Regarding the second research question, the group that performed the Lesson-based asynchronous task showed statistically significant better task perception scores in the IMI dimensions tackled in the study. These findings suggest students’ perceptions are sensitive to that distinction, which underscores the need to further investigate potential differences between synchronous and asynchronous “online learning modes”, particularly regarding the way students perceive each modality. As the widespread technological adaptation universities experienced during the COVID-19 crisis is likely to take hold, it might be interesting to revisit the traditional conception of (often asynchronous) “online learning” in contrast with the new realities that emerged during this period. For example, it may be worth analyzing the extent to which synchronous online “streaming” sessions are equivalent to “traditional” face-to-face classes. More studies should also explore whether the former can still be regarded as online learning instances as prototypical as other asynchronous TBLT-based alternatives (like WebQuests or Cybertasks) that are more conventionally associated with the “traditional” conception of online learning.

This study has several limitations. First, it is a quasi-experimental study in the sense that the distribution of participants was not carried out in a completely randomized way because, in the context of lockdown, the circumstances were not suitable. The ideal scenario would have been to ask students to have online and offline availability as a precondition for participation (before proceeding to a fully random assignment to one of the three groups). However, in order to increase participation, we preferred to prioritize the real availability of all participants (as not all of them had such availability) and let them choose a synchronous or asynchronous session, depending on their personal circumstances. Once they had made their choice, the students were distributed into the asynchronous (Experimental 1) or synchronous (Experimental 2 or Control) options, efforts being made to ensure that they were comparable in terms of gender composition. Further research must be carried out with an experimental design (fully randomized sample); in particular, it would be desirable to replicate this study in a future COVID-19/lockdown-free environment to explore any variation, especially in terms of task perception effects. In connection with this, the COVID-19 context in which the study was carried out can be perceived as a second limitation, as the context of the pandemic might have led to students’ having a different perception of the task and the experience in general. This circumstance must be taken into account when considering the outcomes reported in this study. A third limitation has to do with the pre/post-test measures used in the study design. The post-test measures were administered right after the pedagogical treatment, thus, the results regarding the effectiveness of the two pedagogical interventions must be interpreted as short-term effects.

This study provides new insights into how a specific group of ESP students responded to and perceived the two online alternatives during the spring 2020 lockdown, which casts new light on how both alternatives could be handled in similar situations in the future.

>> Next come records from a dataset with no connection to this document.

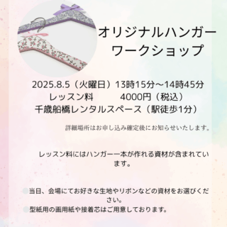 大人の方向けの型紙から取るオリジナルハンガーのワークショップです。開催日時 2025.8.5(火曜日) 13時15分〜14時45分場所 小田急線千歳船橋駅より徒歩1分のレンタルスペース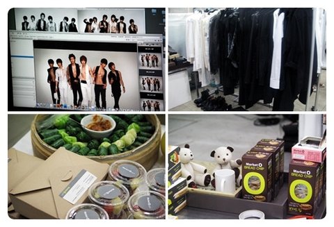촬영장 뒷 모습이에요. 2PM의 사진이 가득한 모니터...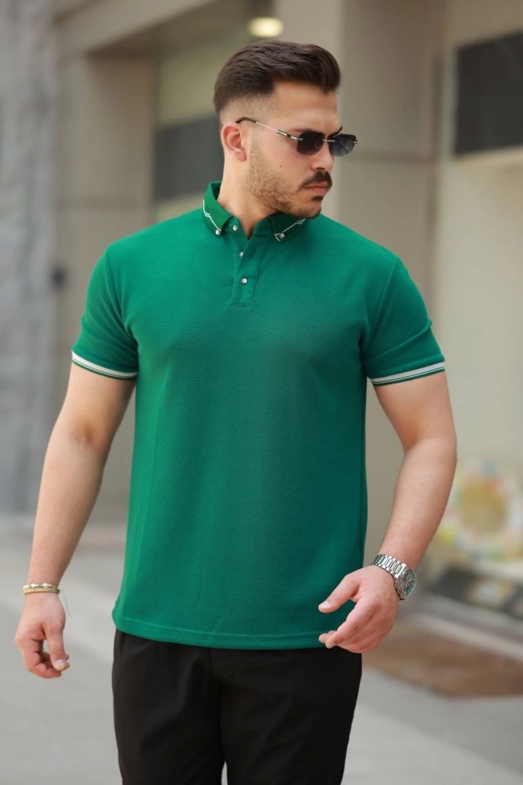 Erkek Düğmeli Yaka Waffle Kumaş Kısa Kollu Tişört
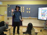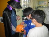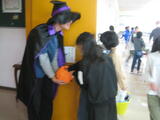 ランチタイムでも、同様のスタイルで全校児童に、ハロウィンについての話をしてくれました。実に板についたハロウィンのコスチュームぶりから、本物のハロウィンの気配を感じることができました。流ちょうな英語での説明が、全部理解できるわけではないのですが、先生の表情と笑顔、そして大きなアクションの身振り手振りから、不思議とみんなに内容が伝わってきたような気がしました!すてきなコミュニケーションに触れることができた一日でした!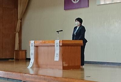 新任式では、新たに11名の職員を迎えました。始業式の校長の話では、今年度頑張ってほしいこととして、「集中力」と「協力」を示し、授業に集中してしっかりと学力を身に付けることと、友達と力を合わせて仲よく活動することを通して、素晴らしい学校にしていくよう子どもたちを励ましました。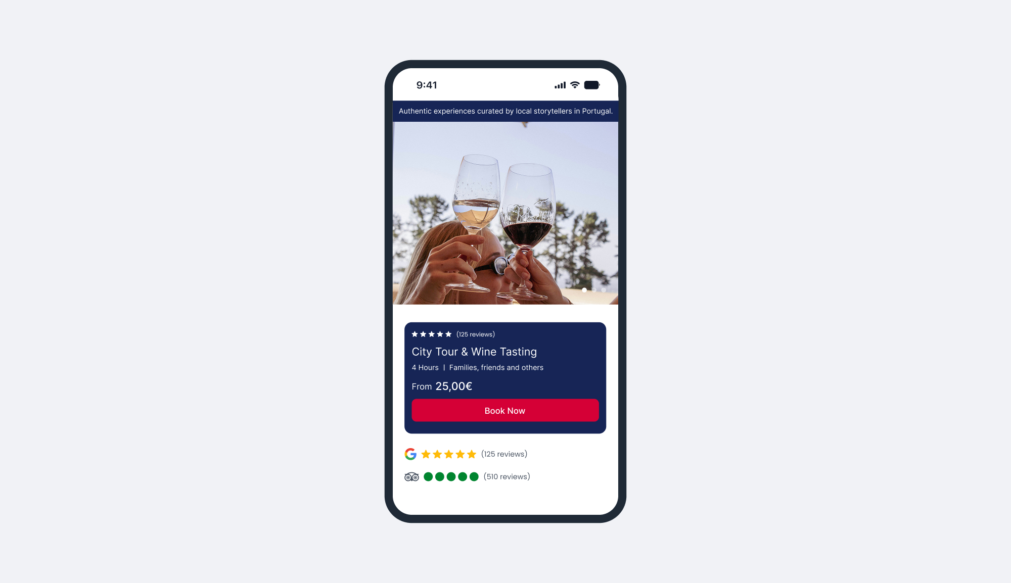 Não uma homepage genérica com uma descrição da empresa. Páginas específicas por produto, com título claro, descrição detalhada, fotos reais, preço visível, duração, ponto de encontro, política de cancelamento e botão de reserva integrado com o sistema.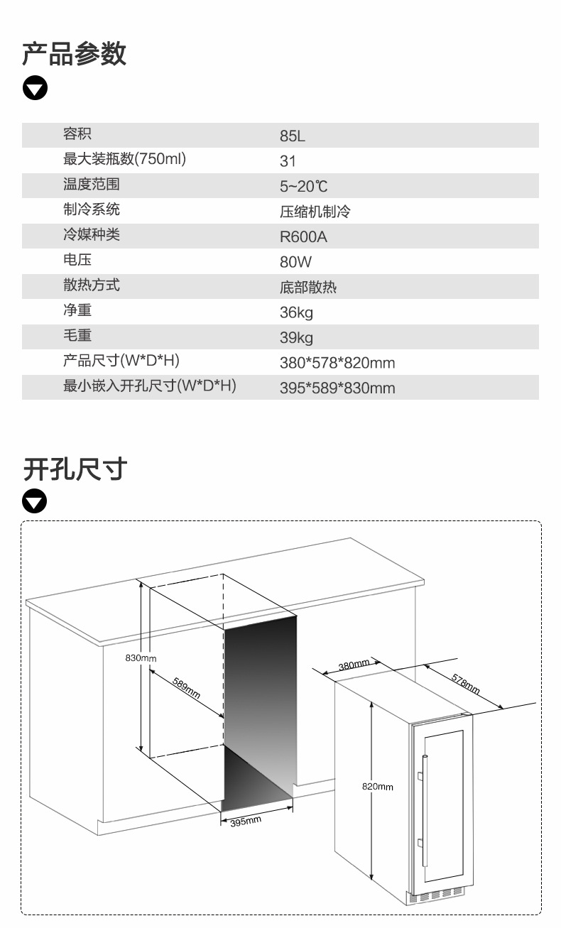 • 언더카운터 내장 80L 블랙 모델 폭 450mm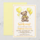 A fun play on words with these we can "bearly wait!" teddy bear baby shower invitations. Featuring a sweet little teddy bear with a soft yellow bow, yellow heart shaped balloons and yellow hearts.
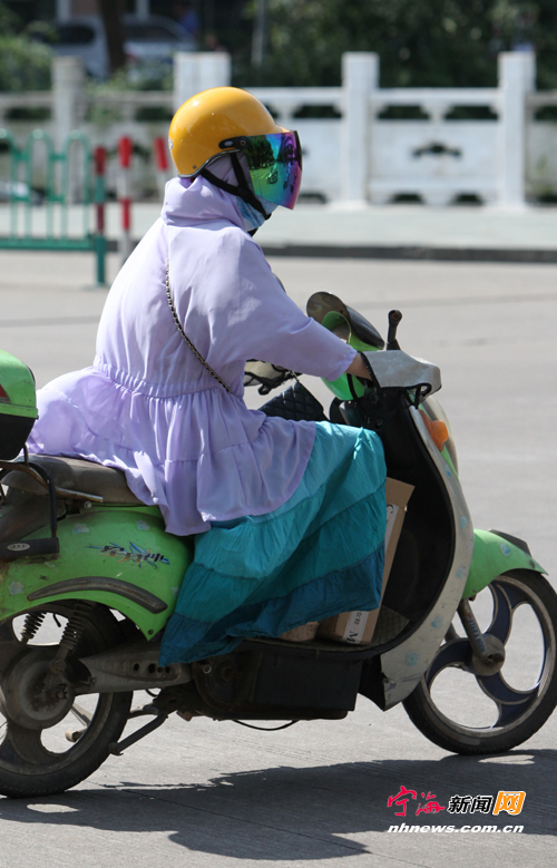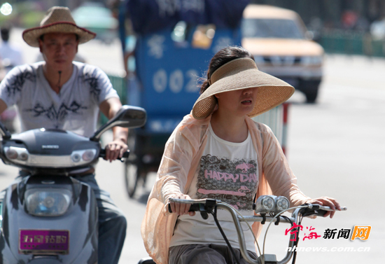 连日来,缑城连续晴热高温,市民出行纷纷采取各种防晒措施,躲避烈日。这是近日记者在街头拍到的一组画面。 (记者惠广亮摄)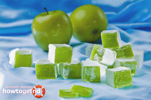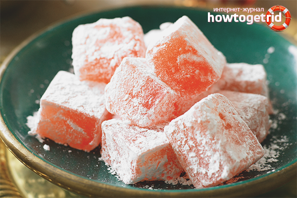 - Laissez refroidir le futur délice turc, puis transférez la composition dans les moules appropriés. Conserver au réfrigérateur jusqu'à durcissement, couper en tranches et saupoudrer chaque tranche de sucre en poudre.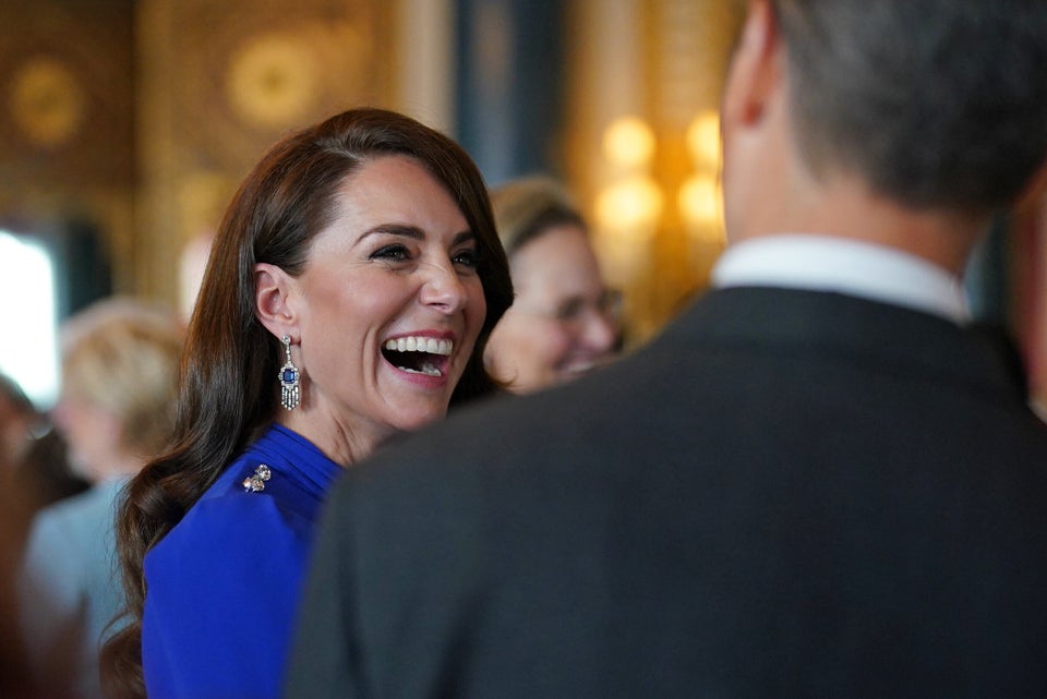 A princesa de Gales fala com convidados na sexta-feira durante uma recepção para convidados estrangeiros que compareceram à coroação do rei Carlos III.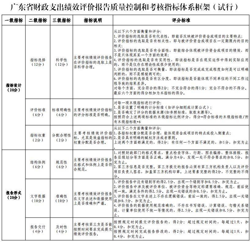 为加强第三方绩效评价管理,保证第三方绩效评价报告的质量,提高第三方绩效评价的公正性、客观性和公信力,近日,广东省财政厅印发《广东省财政支出绩效评价报告质量控制和考核指标体系框架(试行)》,设定三级考核指标,对第三方绩效评价报告进行质量考核。
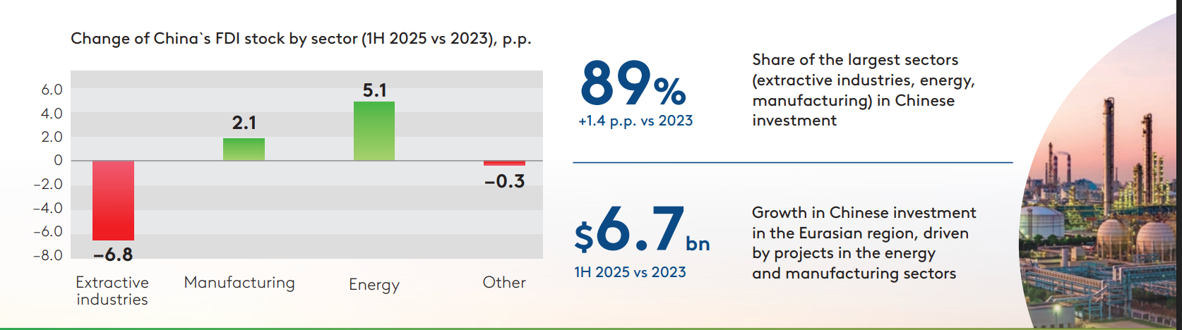 The report highlights a structural shift in Chinese investment across Eurasia. While extractive industries have historically dominated, manufacturing and energy are now driving growth. Over the past decade, China’s total investment in the region increased by 80%, reaching $66 billion by mid-2025.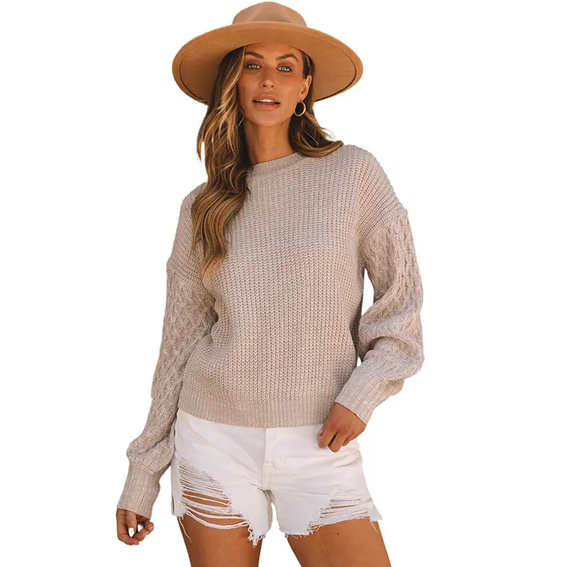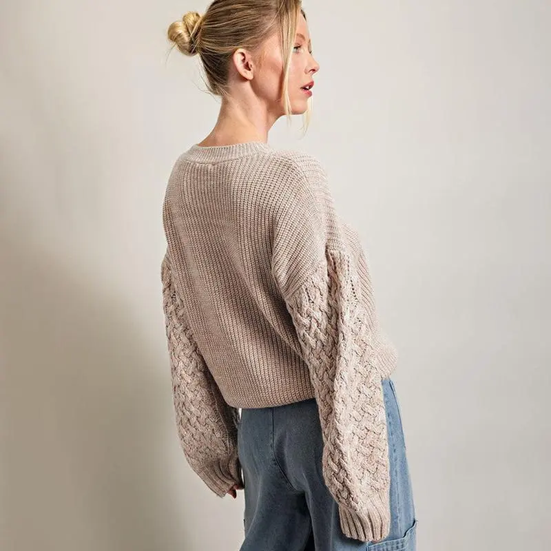 Womens Parchment Cable Knit Pullover Sweater with Drop Shoulder and Crew Neck - Womenswear, Knitwear Casual Fashion Winteroutfit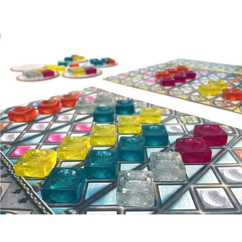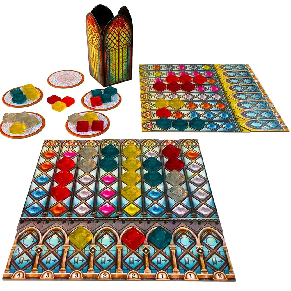 After furnishing the Palace of Evora, King Manuel I of Portugal now seeks to commission the world’s greatest stained-glass artisans to adorn the windows of the Royal Palace in Sintra. As a stained-glass artisan, this is a once in a lifetime opportunity to demonstrate your exquisite abilities for king and country. Will you be the best at creating the most beautiful stained glass in all of Portugal? Welcome back to the world of Azul! Contents: 9 Factory Displays 4 Palace Boards 32 Pattern Strips 4 Glaziers 8 Markers 100 Pane Pieces 1 Scoring Board 1 Starting Player Tile 1 Bag 1 Glass Tower 1 Rulebook Ages 8+ 2 – 4 Players 30 -45 Minutes of Playing Time Designed by Michael Kiesling.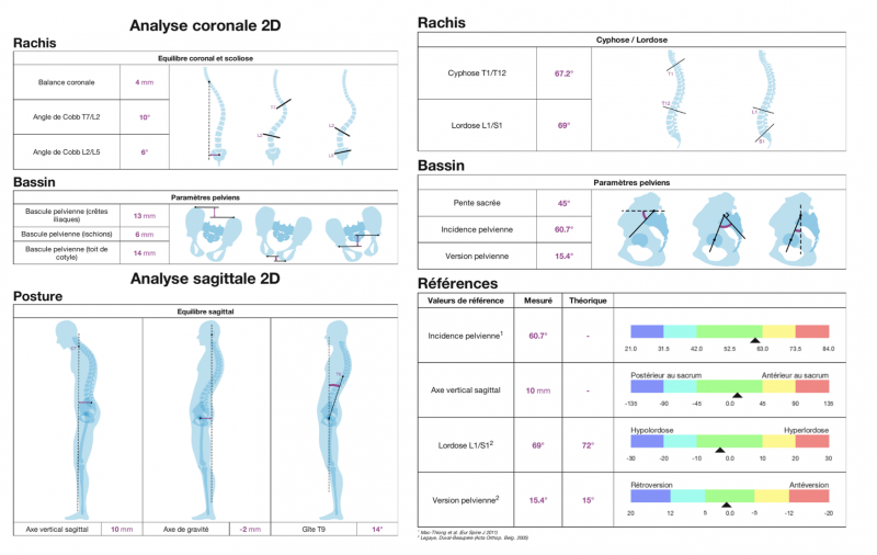 Figure 6: Exemple d’analyse des membres inférieurs permettant à la fois des mesures d’inégalité de longueur, mais également des analyses angulaires du bassin, des hanches, des genoux, et de la statique globale des membres inférieurs de face et de profil.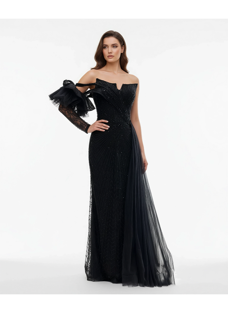 Crafted from high-quality stretch fabric, it ensures both structure and comfort — perfect for weddings, galas, and special celebrations. The sleek side slit and flowing train add a touch of drama and sophistication to every step.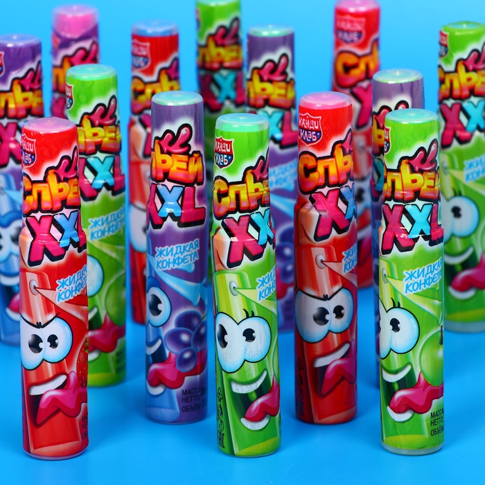 Оригинальный сладкий подарок для мальчиков и девочек! Жидкая конфета Спрей XXL» с насыщенным вкусом. Конфеты в индивидуальной упаковке с ярким дизайном, которые можно взять с собой на прогулку, в поездку, путешествие, в детский сад или школу. Такое угощение придется по вкусу любому сладкоежке! Прекрасный подарок детям на любой праздник.
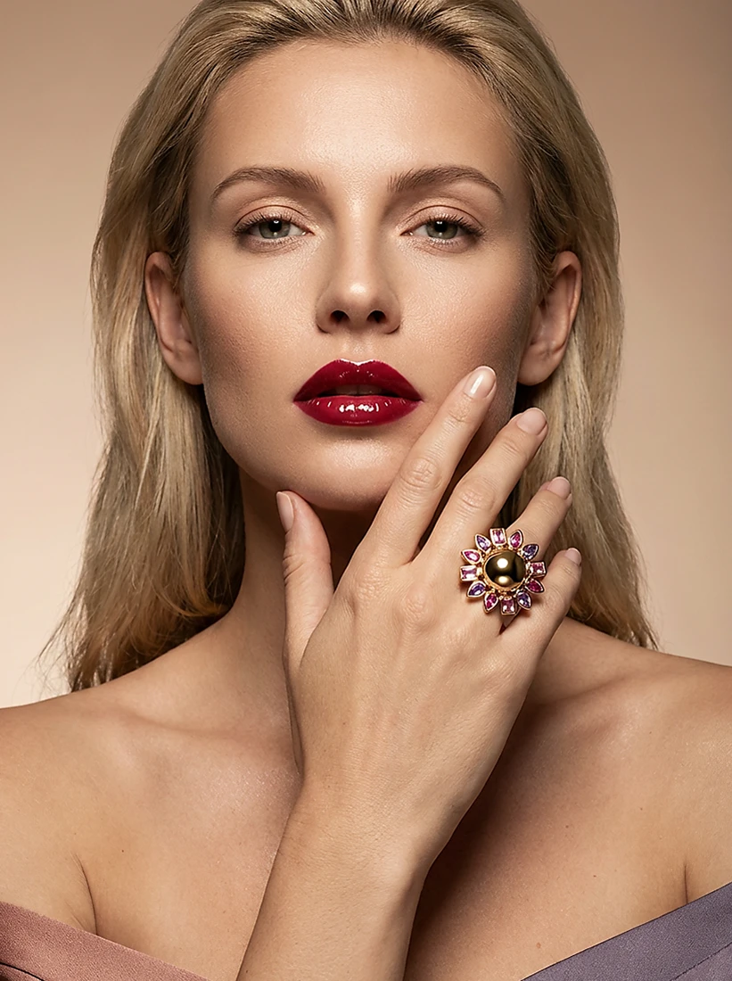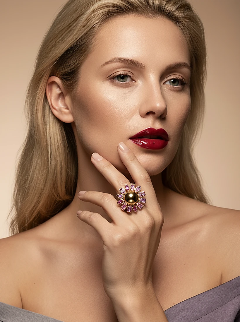 As pétalas cintilantes envolvem o dourado com um brilho suave e feminino, trazendo poesia e intensidade a cada gesto. Uma peça que transforma a mão em um jardim de luz, revelando charme radiante e elegância atemporal.
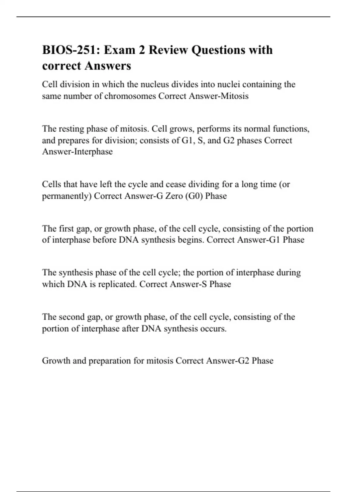 BIOS-251: Exam 2 Review Questions with correct Answers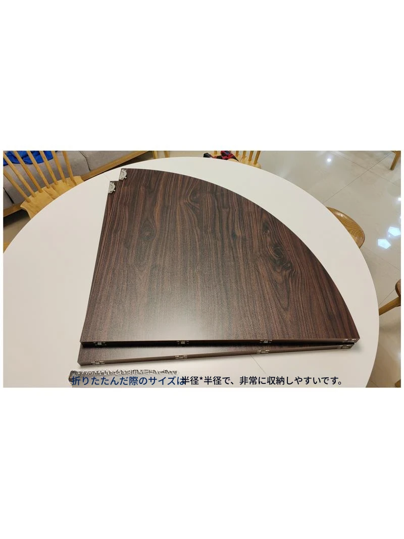 省スペース!折りたたみ式の円形テーブル台面 - 小型住宅に最適な4人用ダイニングテーブル。収納可能な大きな円卓で、使わない時はスッキリ片付けられます。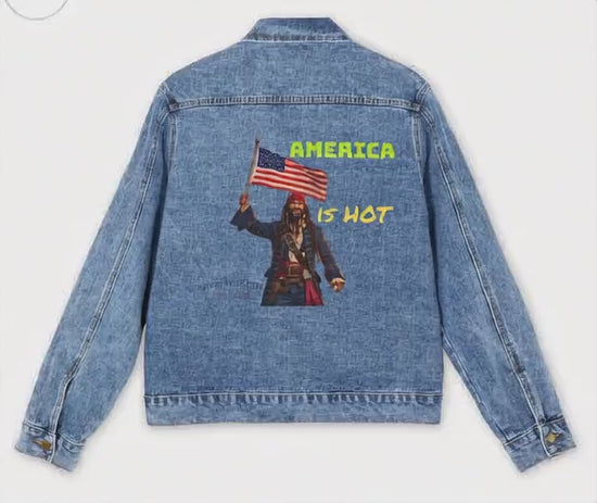 Blackbeard - America is HOT Men's Denim Jacket, American Pride Outerwear, Casual Cool Style, Independence Day Fashion, Gift for Him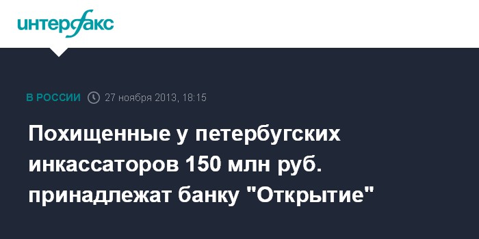 Санкт-Петербург. 27 ноября. INTERFAX.RU - Средства, похищенные в результате ограбления инкассаторов в Петербурге, принадлежат ОАО "Банк "Открытие", сообщили "Интерфаксу" в пресс-службе банка.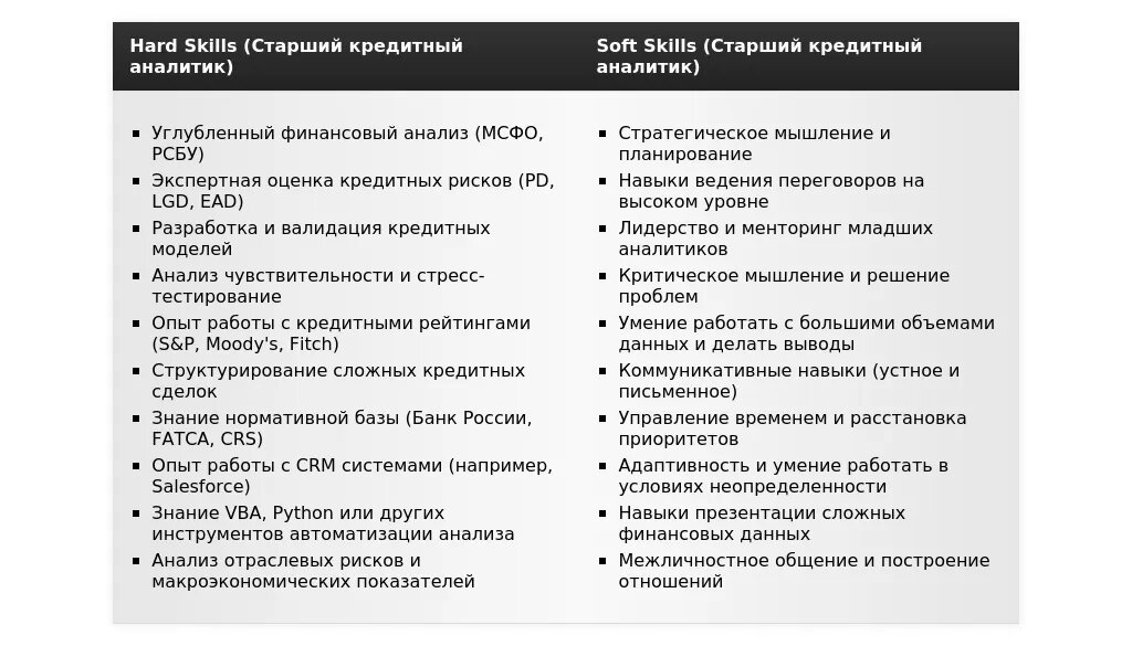 После (для вакансии "Старший кредитный аналитик по корпоративному кредитованию"):

This is certainly useful for the ESP course in which the study was conducted. Nevertheless, these results may also be interesting for other higher education ESP courses dealing with synchronous and asynchronous tasks following a similar approach. Moreover, the findings in this study also enhance our general understanding of the students’ perceptions regarding synchronous and asynchronous learning beyond the field of ESP.

All in all, while this study is to be regarded as a very specific case within the framework of a particular ESP course, its findings are encouraging. There is still a need to further investigate the use of Cybertask-based Lessons for content learning in ESP. As a result, this work may inspire ESP teachers to develop similar tasks as a helpful adaptation to student and contextual needs in post-COVID-19 crisis times.